Problem: Strip out the pictures and output each remaining line of the data word for word.

Information provided:
★ ★ ★ ★ ★ ★ ★
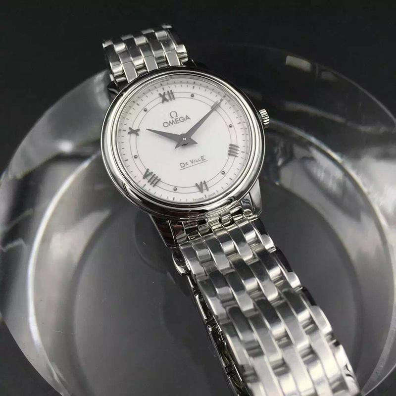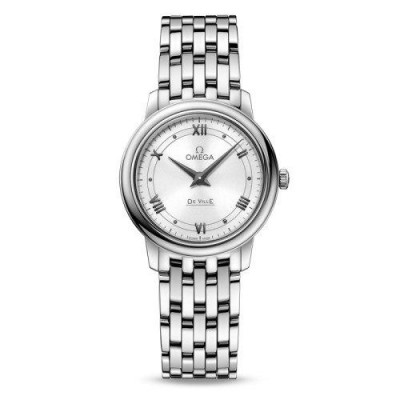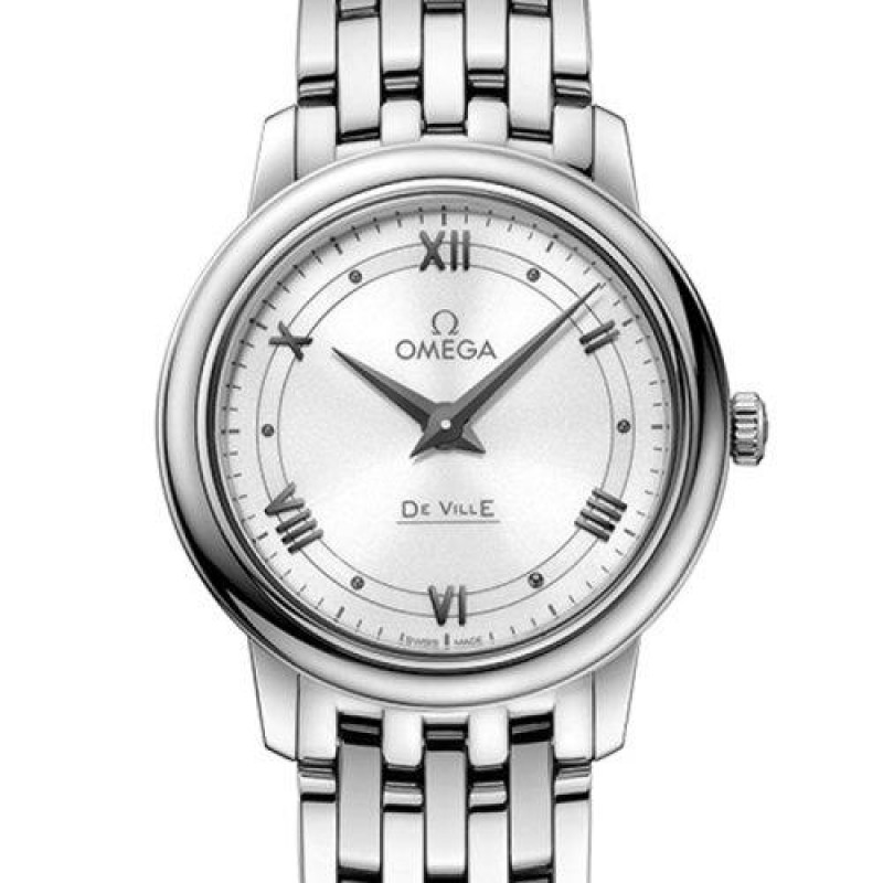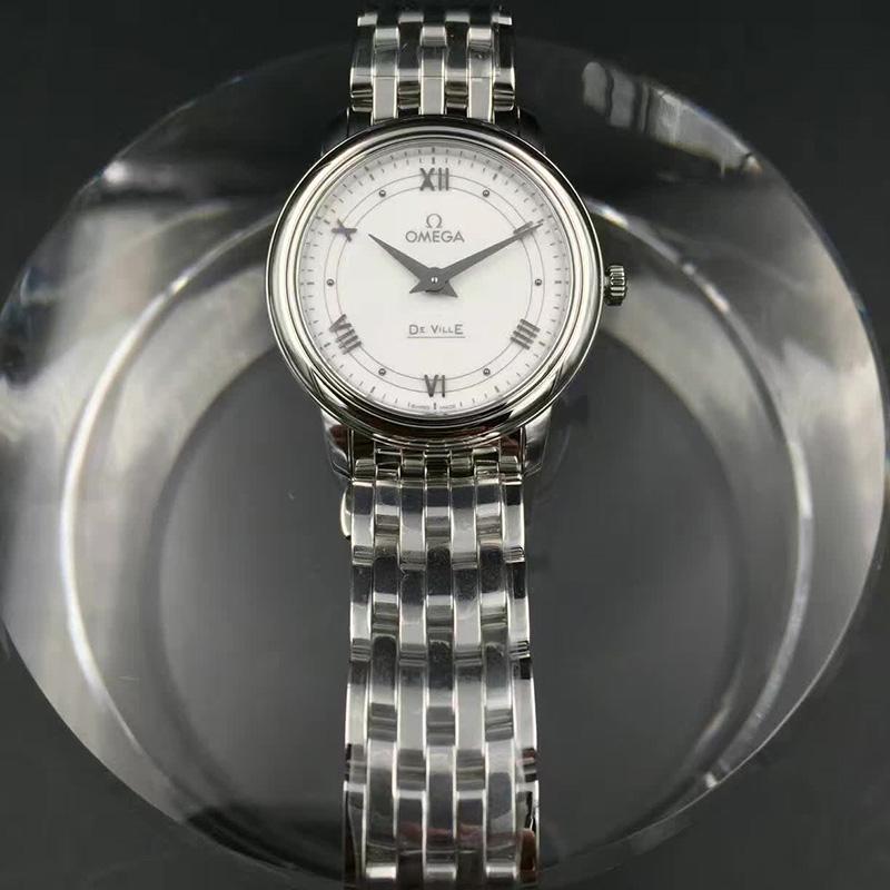OMEGA/欧米茄瑞士手表 碟飞系列罗马刻度石英机芯女士腕表 钢带白盘424.10.27.60.04.001
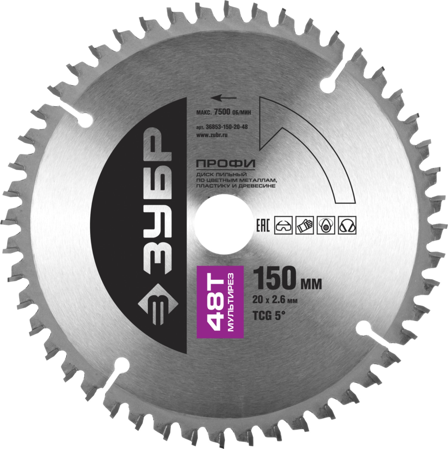 ЗУБР Мультирез 150х20мм 48Т, диск пильный по алюминию
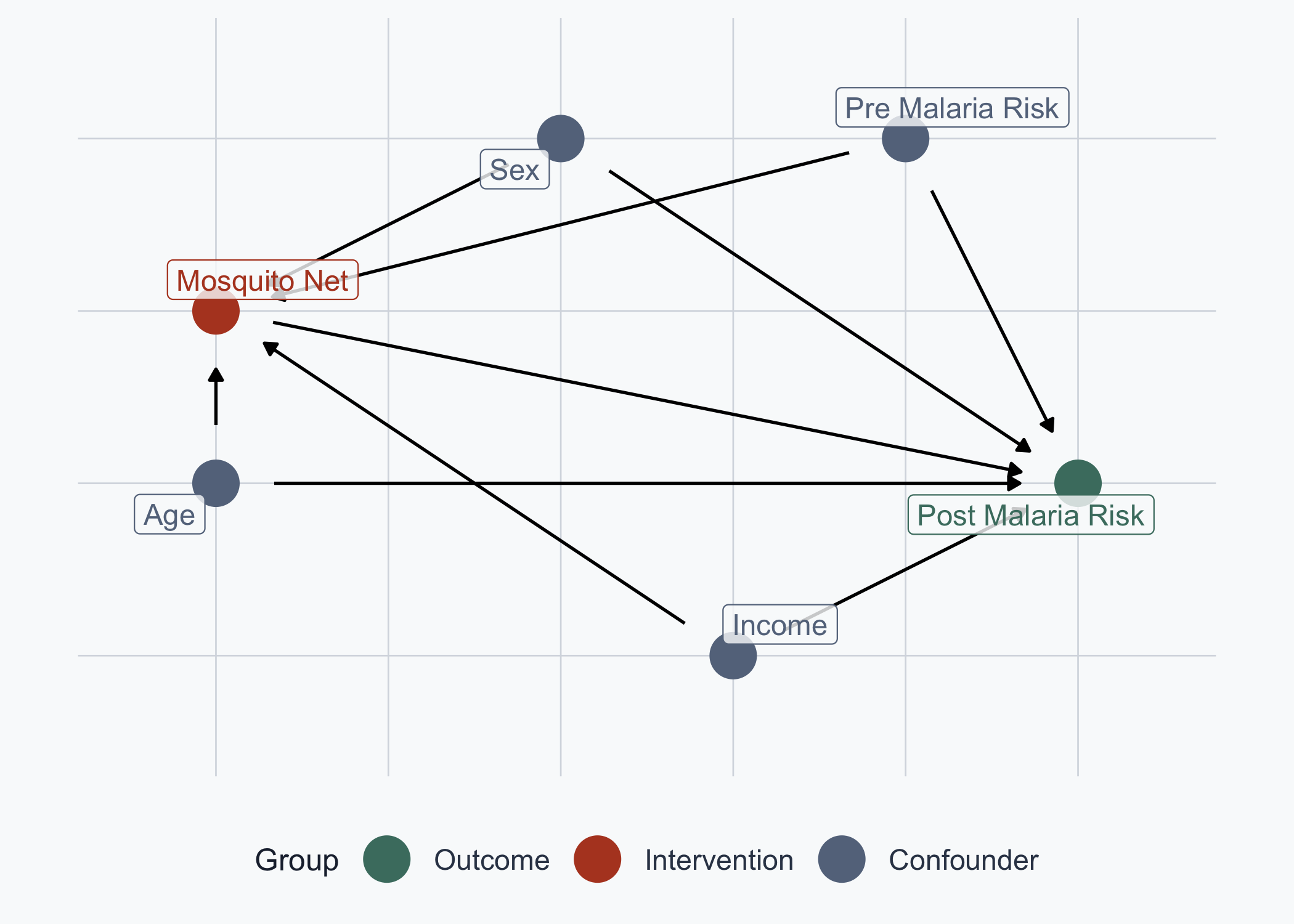 net ~ age + sex + income + pre_malaria_risk,
★ ★ ★ ★ ★ ★ ★
Response area:
OMEGA/欧米茄瑞士手表 碟飞系列罗马刻度石英机芯女士腕表 钢带白盘424.10.27.60.04.001
 ЗУБР Мультирез 150х20мм 48Т, диск пильный по алюминию
 net ~ age + sex + income + pre_malaria_risk,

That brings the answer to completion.